Nathan Epstein May 8
Software projects famously suffer from unforeseen complexities that slow development and undermine teams' ability to execute on high level objectives. In light of this, the desirability of developing "antifragile" software projects that grow stronger through this complexity - as opposed to collapsing under it - should be obvious. What follows are a few principles aimed at achieving this.
Prefer dependency on software with a long history of use
Project requirements are generally complex, incompletely specified, and non-static over time. For the most part, this means that a demonstrated history of usefulness should be weighed more heavily than rationalizations about a technology's value.
Software that survives through a long period of wide use has a demonstrated ability to handle practical complexity beyond that of newer software. This translates directly to a longer expected shelf-life. From this, we get "Lindy effects" where the longer a technology has been used, the longer it is likely to continue to be in use.
By way of contrast, SQL has been around for decades and shows no signs of going away any time soon. Through extensive use, features which could easily be rationalized as weaknesses (a generally insecure text-based API for example) have revealed themselves to be strengths (by allowing non-technical business users to explore data without an engineer). Time, and not narrative, is the judge.
This seems like an intuitive result. Given even odds, how many people would bet that SQL will be outlasted by a newer and "better" alternative like, say, MongoDB?
Prefer dependency on software that is used by its maintainers
But if you have to go with something new, its preferable to use software which is used by its authors. This creates a sensitivity to unpredictable challenges and will tend to lead the project to get stronger with time. If the author is using a project, emergent issues will prompt corresponding feature development. Conversely, an author who doesn't actively use their project will develop to match a preconceived mental model of reality instead of the real thing.

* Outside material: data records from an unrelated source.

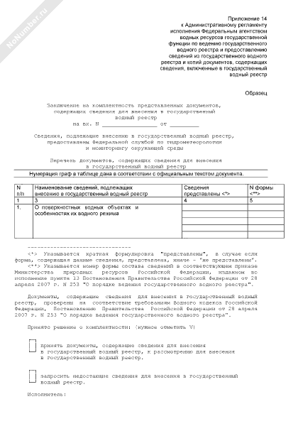 Заключение на комплектность представленных документов, содержащих сведения для внесения в государственный водный реестр, предоставленные Федеральной службой по гидрометеорологии и мониторингу окружающей среды (рекомендуемый образец заполнения)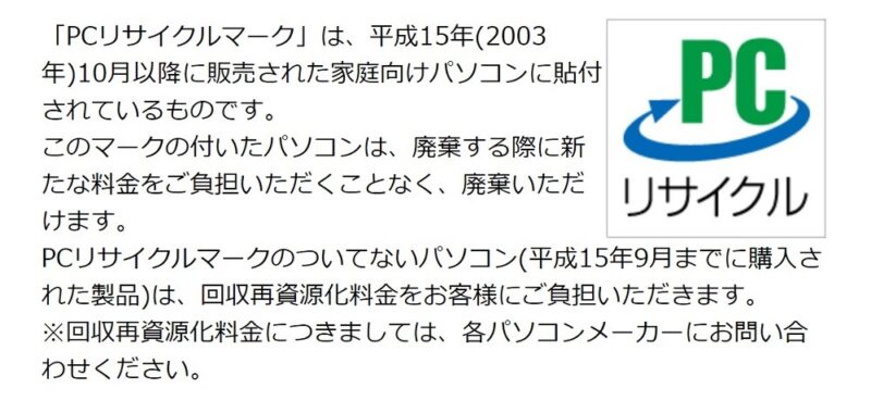 平成15年10月以前のものにはPCリサイクルマーク制度の導入前なので、「回収再資源化料金」を支払い、メーカーに回収してもらうことになります。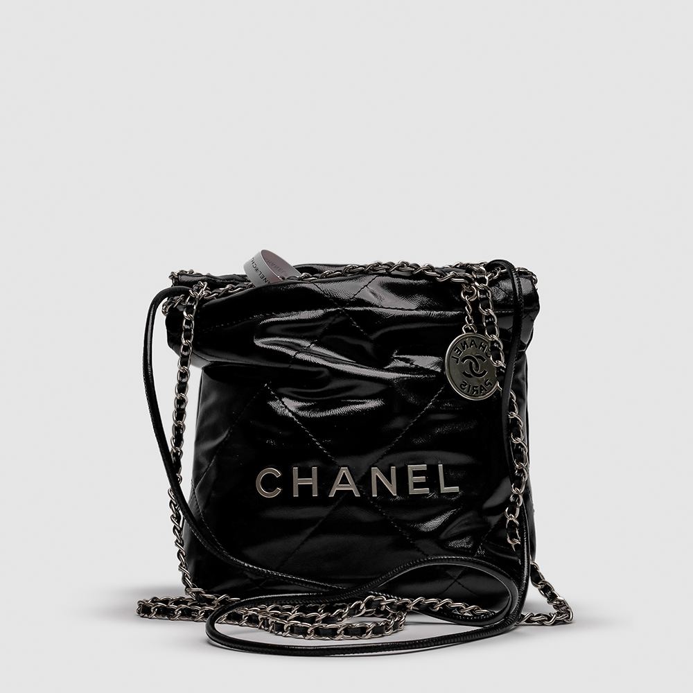 Розмір 23х22х6смСумка виготовлена з лакованої гладкої шкіри з простроченням.Всередині одне велике відділення, також є кишеня з маркуванням.Підкладка з щільного текстилю з ромбоподібним простроченням.Зачиняється завдяки стягування ланцюжка.Для носіння у руці та через плече є ланцюжок з вплетеною шкірою.Комплектується в брендовій коробці та пильовику, також в комплекті є картка, буклети та подарункова стрічка.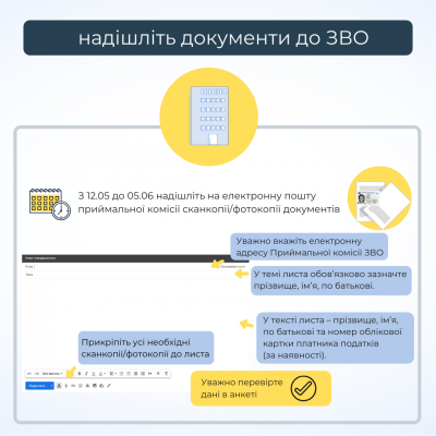 2.Надішліть на електронну адресу приймальної комісії скановані копії або фотокопії реєстраційних документів.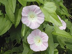 5〜8月に薄ピンクの花を咲かせる 花径5cm程度 葉は矢じり型で先端は細く両側の 側片は2裂する夏に咲くひるがおは葉の側片が2 裂しない 路傍に群れて咲いているのも美し い 通常は実が出来ない 野原や林縁、道端など日当たりの 良い荒地に咲く つるを引抜いても白い根が地中に 残りまた繁殖する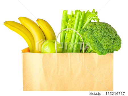 Paper grocery bag with fresh fruits and vegetables isolated on white background
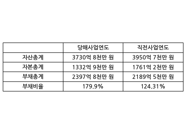 또한, 이번사업연도의 자산총계는 3730억 8천만 원으로 직전사업연도 대비 -5.57% 감소한 한편, 부채총계는 2397억 8천만 원으로 9.52% 증가, 자본총계는 1332억 9천만 원으로 -24.32% 감소했다.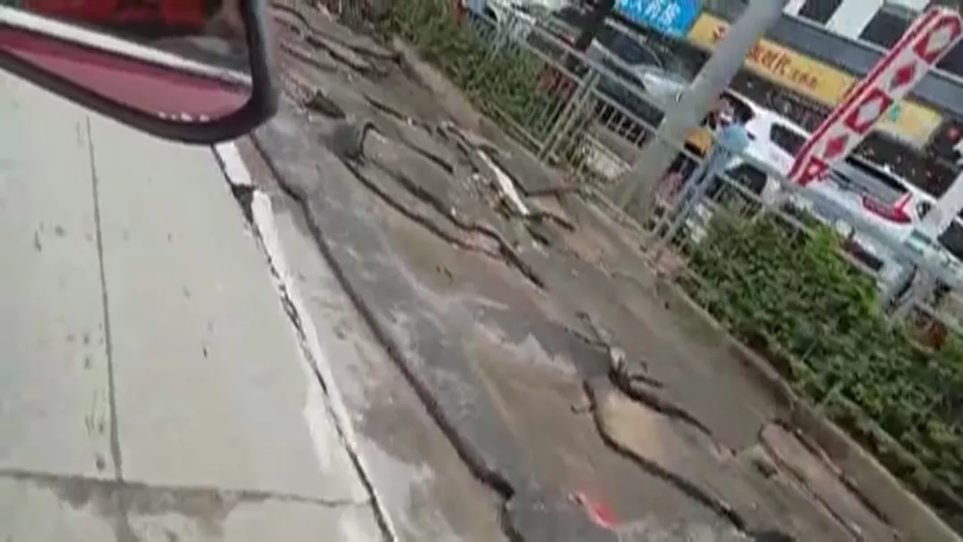一場(chǎng)暴雨過(guò)后,寶安石巖石龍大道剛鋪好的瀝青路成了渣渣!

Consider the example of AngularJS vs. React. AngularJS grew quickly based largely on the excitement surrounding the fact that it was developed by Google. The rationalization was something like "Google has a lot of money and smart people, so their framework will obviously be great". But Google famously didn't use AngularJS for their own projects; their design turned out to be poorly suited to real projects and was abandoned for a whole sale re-write in the form of Angular 2.
By way of contrast, React is used by Facebook (which maintains the framework). The project has been growing rapidly, is healthily maintained, and appears to be the best active possibility for stability within the JS ecosystem.
According to the Stack Overflow Developer Survey (2017 and 2018), the percentage of respondants using Angular dropped from 44.3% to 36.9% while those using React jumped from 19.5% to 27.8%. This indicates a massive migration from Angular to React which shows no signs of slowing.
Prefer project owners over issue owners
In organizing software development work, prefer assigning people to high-level projects over low-level tasks. The reason for this is similar to the above argument about preferring software used by its authors. In completing small incremental tasks, it's easy to introduce technical debt for temporary expendience; project ownership creates incentives to avoid this kind of practice.
A developer tasked with specific, contained features has incentives to trade the long term health of the project for ease of development / efficiency in the short term. A project owner will recognize their own exposure to long term issues and be inclined to make technical decisions which support the long term health of the project; new challenges will lead to project growth opportunities - instead of buried time bombs.